Gene Stratton-Porter Shares Her Love of Nature with the World
Review posted May 11, 2024.
Calkins Creek, 2024. 44 pages.
Review written April 30, 2024, from a library book.
Starred Review
Bird Girl is a picture book biography of Gene Stratton-Porter. Many years ago, I read A Girl of the Limberlost, and I expected the story of her life as an author. Instead, the book told about her fascination with studying and caring for birds and her groundbreaking work as a nature photographer who photographed birds in their natural settings.
And then I remembered that I learned from her novels how important it is for farmers to leave trees on the edges of their fields - because then birds will help them eliminate pests. And that was only a bit of the nature lore in her novels.

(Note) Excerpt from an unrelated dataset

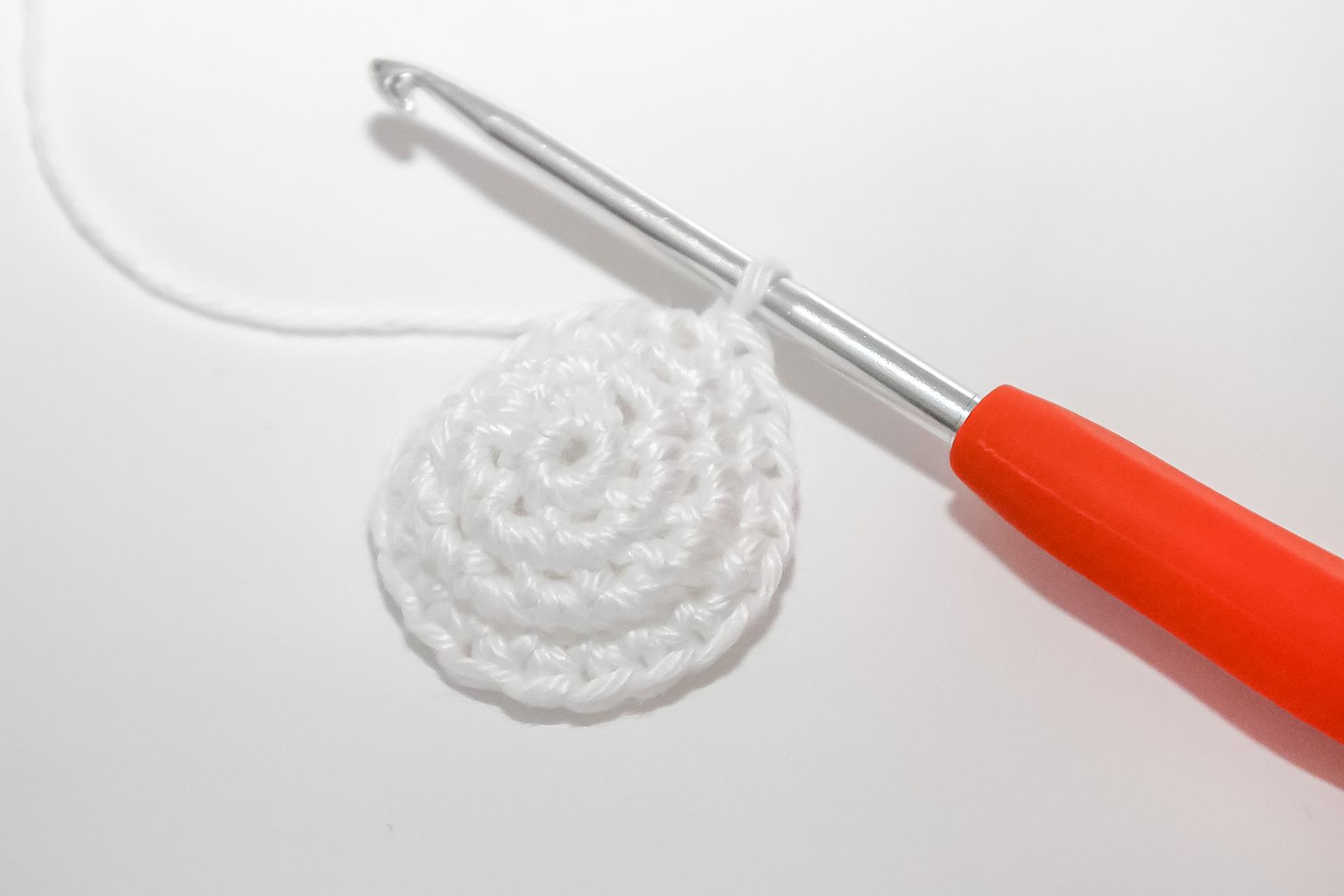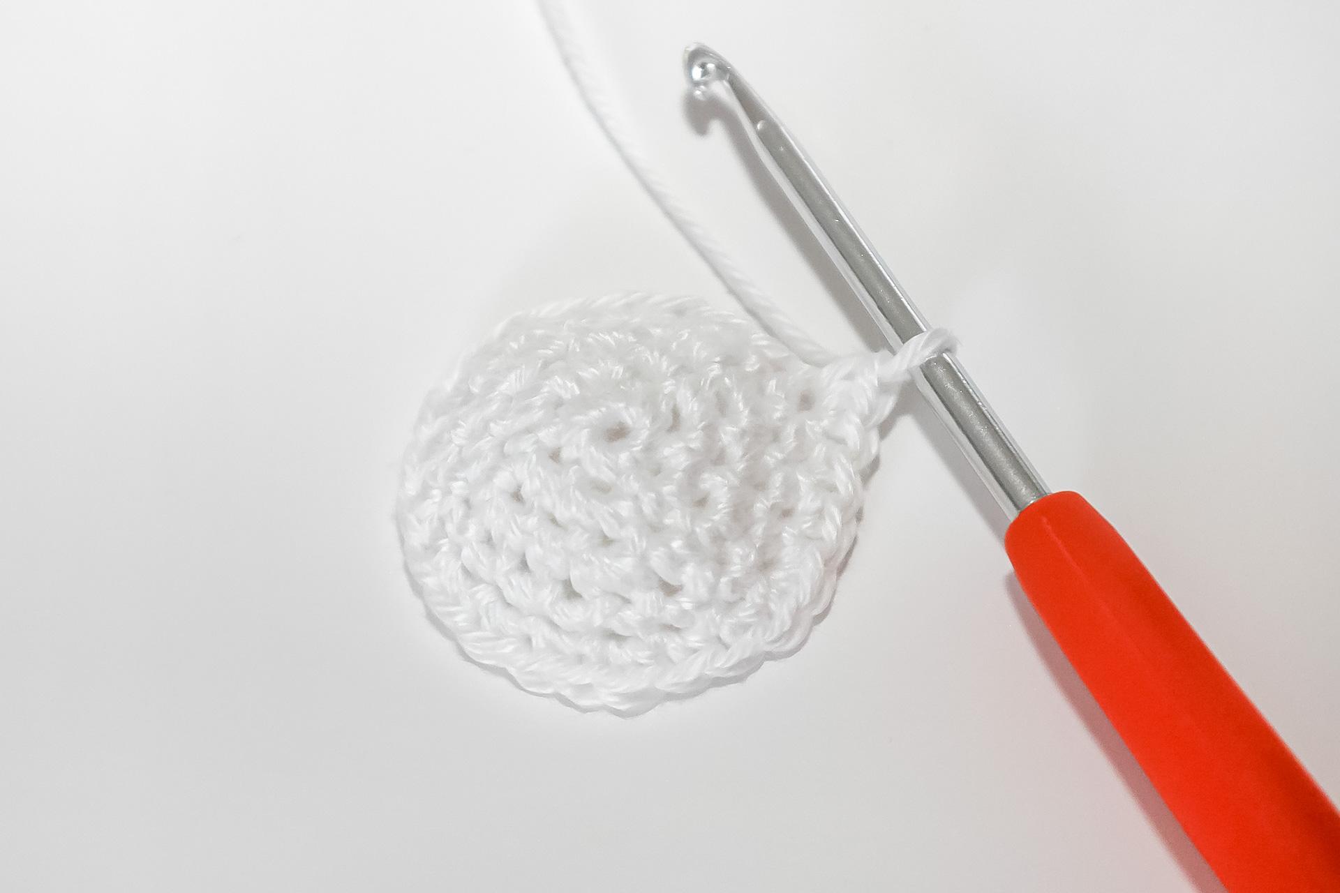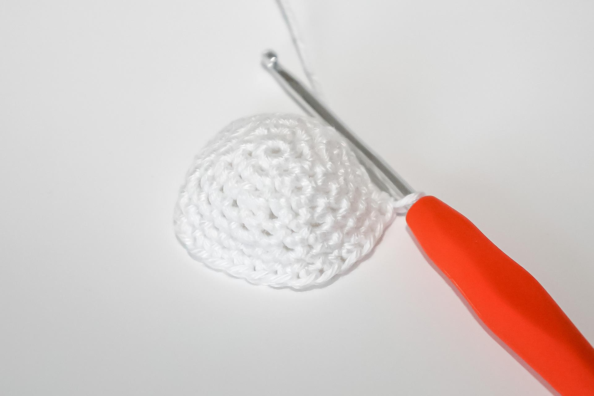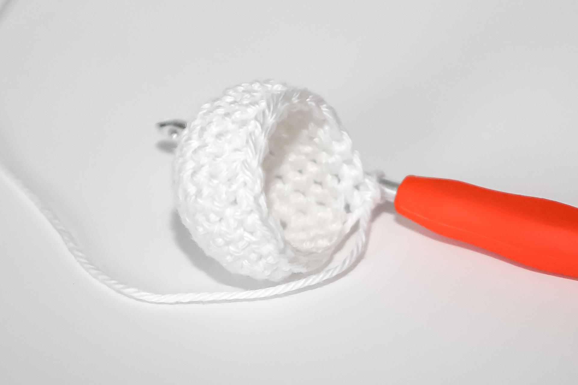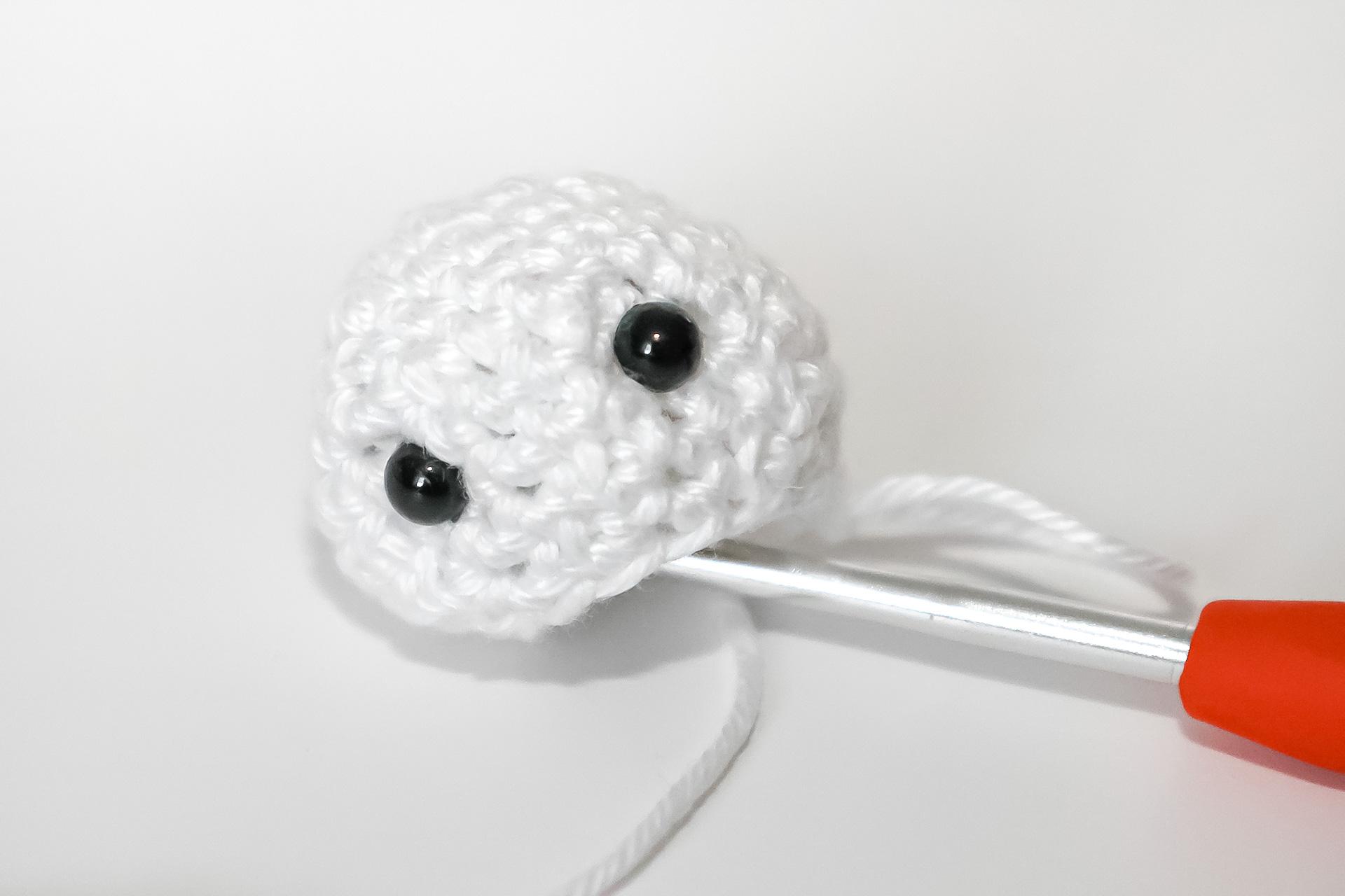 37. Do druhého oka od háčku uháčkujeme 3KS do jednoho oka, dále 3PO, ukončíme a necháme delší přízi na přišití. Doděláme druhou nožku.

The book is bright and colorful and uses entertaining anecdotes to tell the story. When she was a girl, she hid a hawk's droppings from her farmer father so he wouldn't know where the nest was and kill it. Later, when he did shoot down a hawk, she took care of it and befriended it until its wing healed.
As an adult, Gene Stratton-Porter had a house with a conservatory that had windows with special hatches so birds could come and go, and she kept food for birds throughout her house.
She began photographing birds because the illustrations a magazine wanted to use for her stories were drawings of stuffed birds in unnatural positions. She learned to photograph and develop her own film - and then she went out into the nearby Limberlost swamp to take the pictures.
She fights through spongy muck and tangled undergrowth - rattlesnake territory - to reach the hollow tree where a vulture nests. She goes back time and again to capture the world's first photo series of a growing vulture chick.
She ended up with a vast knowledge of wildlife acquired through patient observation that began when she was a child. And her story shows kids the power of a quirky obsession.